> [Exercise]:
In your copy, set down the entries exactly and exclude the pictures.

Input for this task Block Start

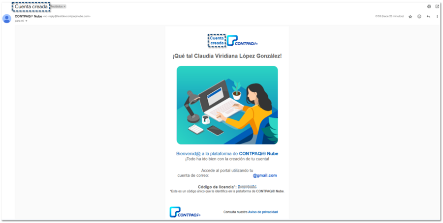 El código de licencia se genera al registrarte y generar tu identidad. Aún cuando cambies el correo electrónico de tu cuenta, el código de licencia no cambia y se mantiene ligado a tu cuenta, además, con dicho código, podrás adquirir los sistemas CONTPAQi® Nube.
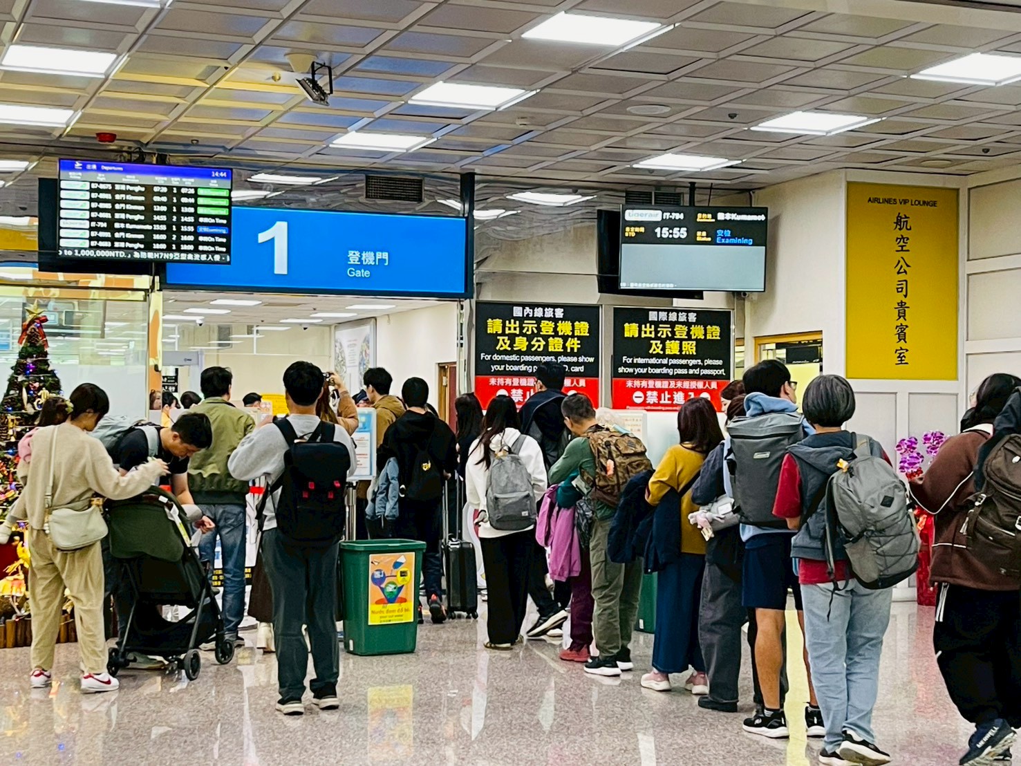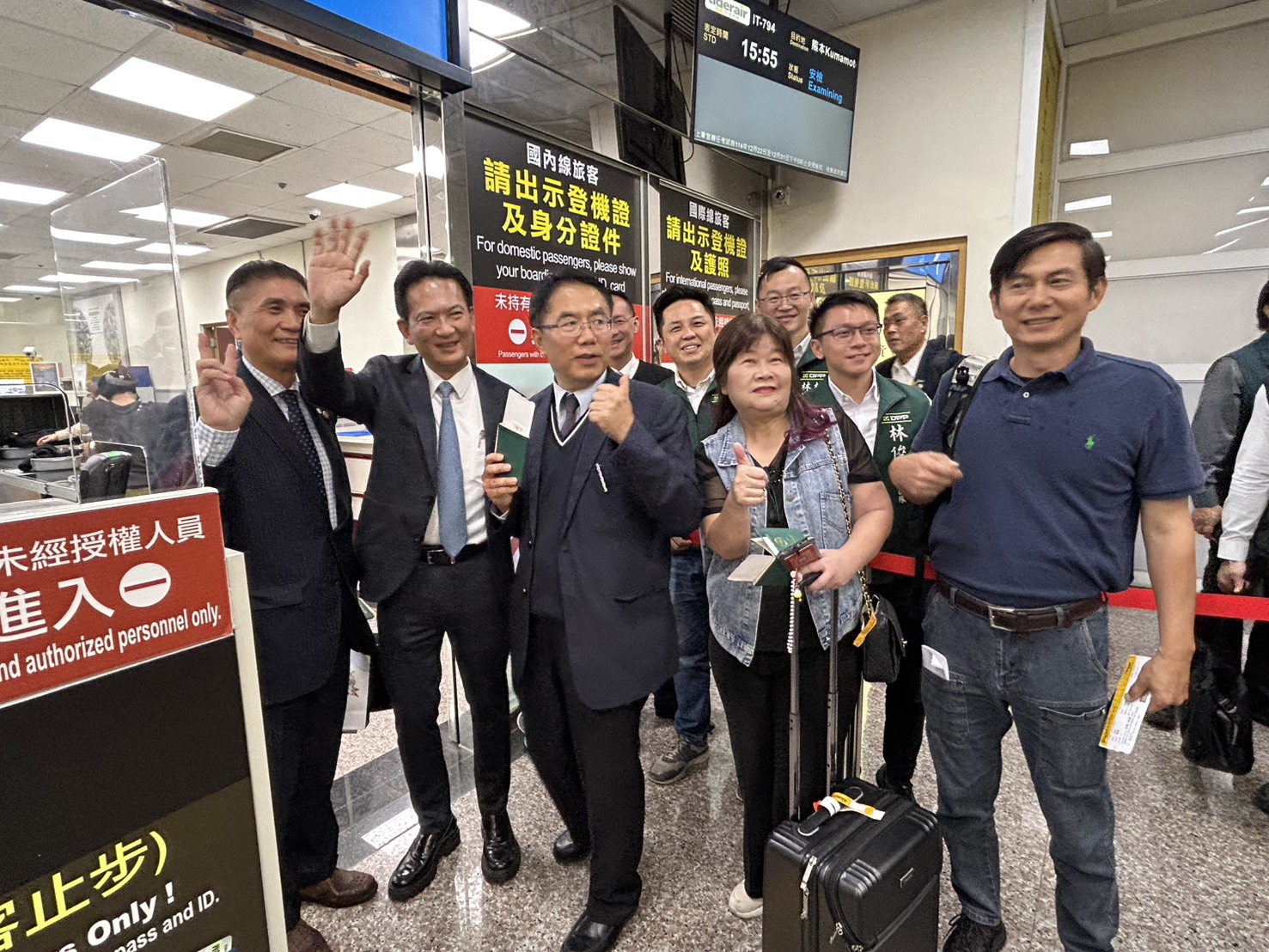 ▲市長黃偉哲與立委林俊憲等人也坐首航班機前往熊本。(記者黃雋淮 攝)
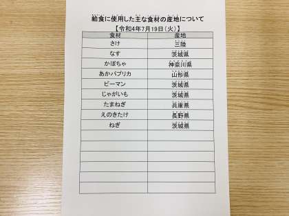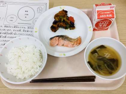 今日は、ごはん、魚の塩焼き、夏野菜の南蛮かけ、わかめとじゃがいものみそ汁、牛乳です。
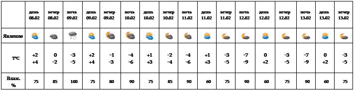 Днем 8-го, с 10-13 февраля ожидается погода без осадков. Ночью 9-го февраля возможен слабый снег.
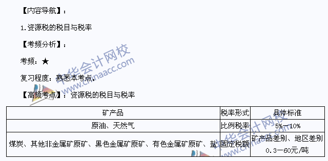 我们一起来学习2013注册会计师《税法》高频考点:资源税的税目与税率。本考点是《税法》第七章资源税法和土地增值税法第一节资源税纳税义务人、税目与税率的内容。
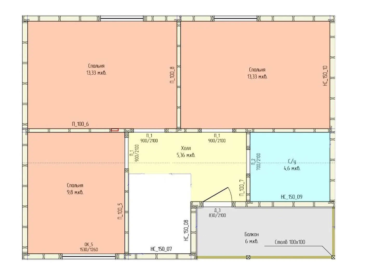 Толщина внутренних перегородок
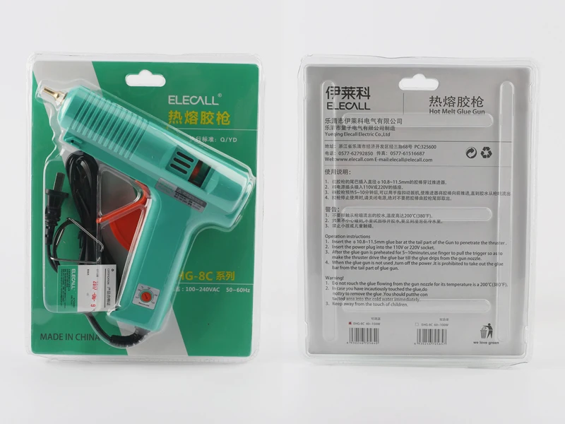 Термопистолет упакован в блистер, но, благо, не запаянный. На обратной стороне полно информации, но она почти вся на китайском языке.
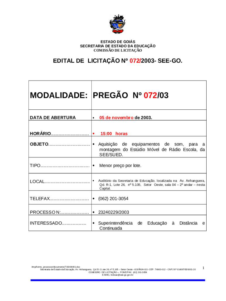 Instructions for the form Aquisio de equipamentos de som, para a montagem do Estdio Mvel de Rdio Escola, da SEE/SUED

Input for this task Block End

> [Written solution]:
 El código de licencia se genera al registrarte y generar tu identidad. Aún cuando cambies el correo electrónico de tu cuenta, el código de licencia no cambia y se mantiene ligado a tu cuenta, además, con dicho código, podrás adquirir los sistemas CONTPAQi® Nube.
 ▲市長黃偉哲與立委林俊憲等人也坐首航班機前往熊本。(記者黃雋淮 攝)
 今日は、ごはん、魚の塩焼き、夏野菜の南蛮かけ、わかめとじゃがいものみそ汁、牛乳です。
 Днем 8-го, с 10-13 февраля ожидается погода без осадков. Ночью 9-го февраля возможен слабый снег.
 我们一起来学习2013注册会计师《税法》高频考点:资源税的税目与税率。本考点是《税法》第七章资源税法和土地增值税法第一节资源税纳税义务人、税目与税率的内容。
 Толщина внутренних перегородок
 Термопистолет упакован в блистер, но, благо, не запаянный. На обратной стороне полно информации, но она почти вся на китайском языке.
 Instructions for the form Aquisio de equipamentos de som, para a montagem do Estdio Mvel de Rdio Escola, da SEE/SUED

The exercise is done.